I’d found Gallo’s demeanor startlingly efficient and brisk for a woman who’d just lost the focus of her life, the sun that had ordered her days. But then she lifted her head and I saw there were tears in her eyes — waiting for me to leave, so they could slide freely down her sunken cheeks. Silently she led me downstairs to the front door, extended her hand with a brusque “I’ll see you”—a statement we both knew was false. And though I didn’t especially like Inez Gallo and she hadn’t exactly warmed to me, we’d come to a sort of unspoken understanding, found on a surprising patch of common ground: both of us spectators swept up in the wild squall that was Cordova.

And now here he was, less than two feet away.

And he was a fragile old man.

I’d been fighting no one. The crimes, the horrors I’d tried and found Cordova guilty of, seemed laughable now, considering the fact that, all those moments I’d been so certain he was outmaneuvering me, he’d been right here — probably sitting peacefully like this in front of this very window.

I couldn’t help but be awed by the shock of it.

Even like this he was having the last word.

Strange emotion abruptly swelled in my throat. It might have been a laugh or just as easily a sob. Because I realized, staring at this man, that I was actually just staring at myself, at what I’d become much sooner and more suddenly than I’d ever know. Life was a freight train barreling toward just one stop, our loved ones streaking past our windows in blurs of color and light. There was no holding on to any of it, and no slowing it down.

It was so calm standing next to him, so lonely. I swore I could hear his breathing, every breath he borrowed from the world then set free. It wasn’t the simple lungs of an ordinary man, but the faint howl of a gust of wind as it snagged the rocks of some far-off bluff by the sea. I wondered — another unchecked wave of feeling rising in my chest — what in the hell I was going to say to him after all this, all I’d done and come to see — if I had the nerve to say anything at all.

Or maybe, like a child encountering the reassembled bones of a dangerous species of dinosaur he’d dreamed about, read about with a flashlight under a comforter for nights and days, maybe I was going to simply reach out and touch his shoulder, wondering if in that touch I could get a sense of what he must have been like when he was alive, in his prime, roaming the Earth, a force of nature, when he wasn’t silent grayed bones on display, but something splendid to behold.

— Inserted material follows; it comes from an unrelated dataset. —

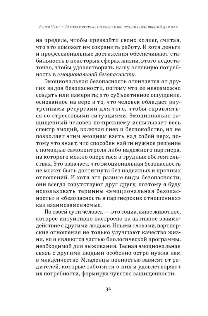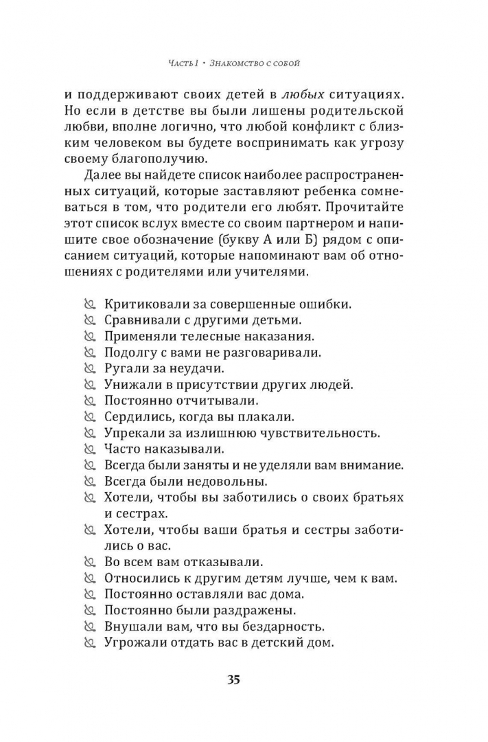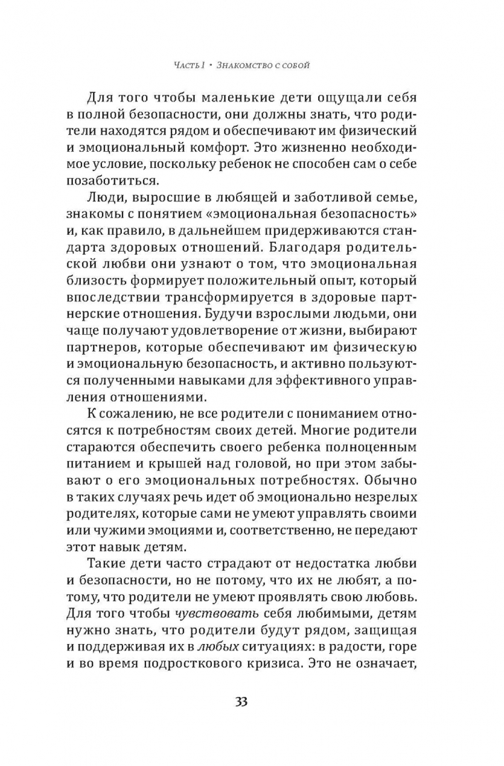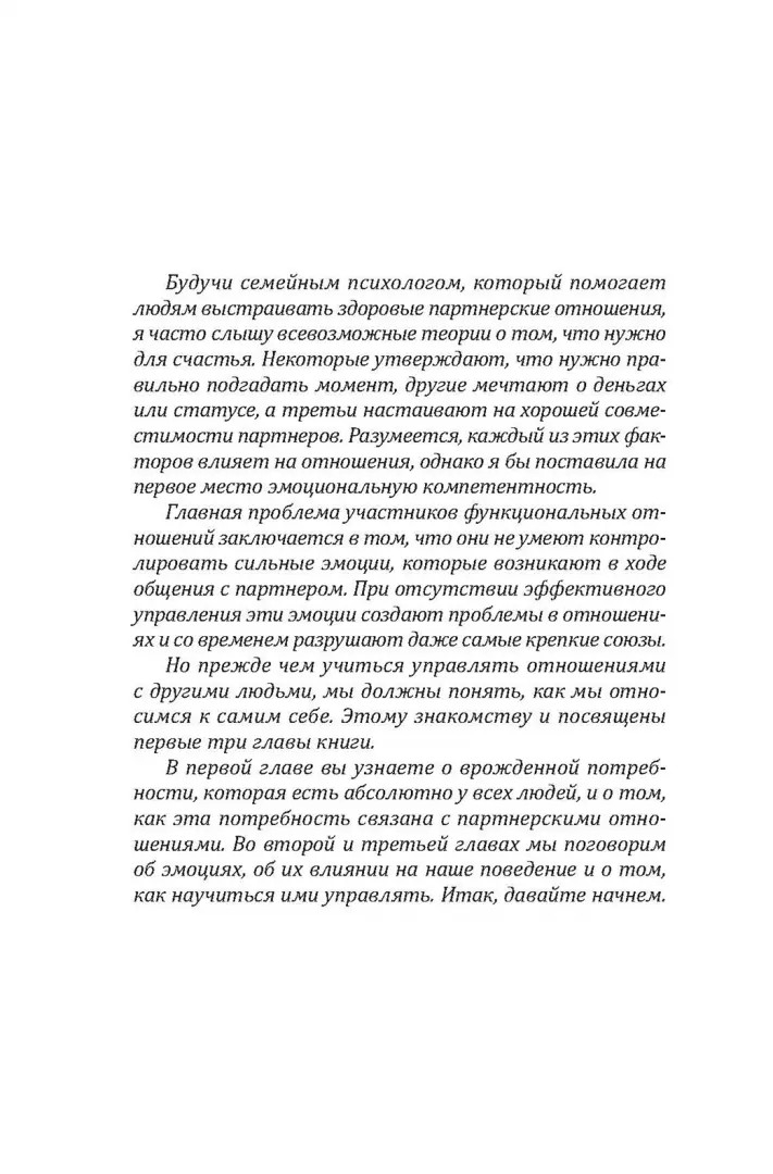 Рабочая тетрадь состоит из трех разделов. В первой части вам предстоит познакомиться со своим внутренним миром и потребностями, осознать, какие скрытые установки и модели поведения сейчас влияют на вашу жизнь. Во второй части Бетси описывает структуру здоровых осознанных отношений и техники, повышающие эмоциональный интеллект и создающие глубокую эмоциональную связь с партнером. Наконец, в третьей части вы узнаете о том, как применить изученные техники для разрешения конфликтов и преодоления проблемных ситуаций совместно с партнером.

In the end, all I did was pull up a chair and sit down beside him.

And together, for what seemed like hours, we did nothing but stare out at that empty lawn, which seemed to hold in its strict boundaries and flawless green, the empty space in which we could pile our memories and questions, what we’d once loved but let go of, taking silent inventory of it all. When I became aware of the music again, piano music, a pale, listless approximation of what Ashley would have played, I realized then that all I was going to say to the man was “thank you.”

I did. Then I rose and left, not looking back.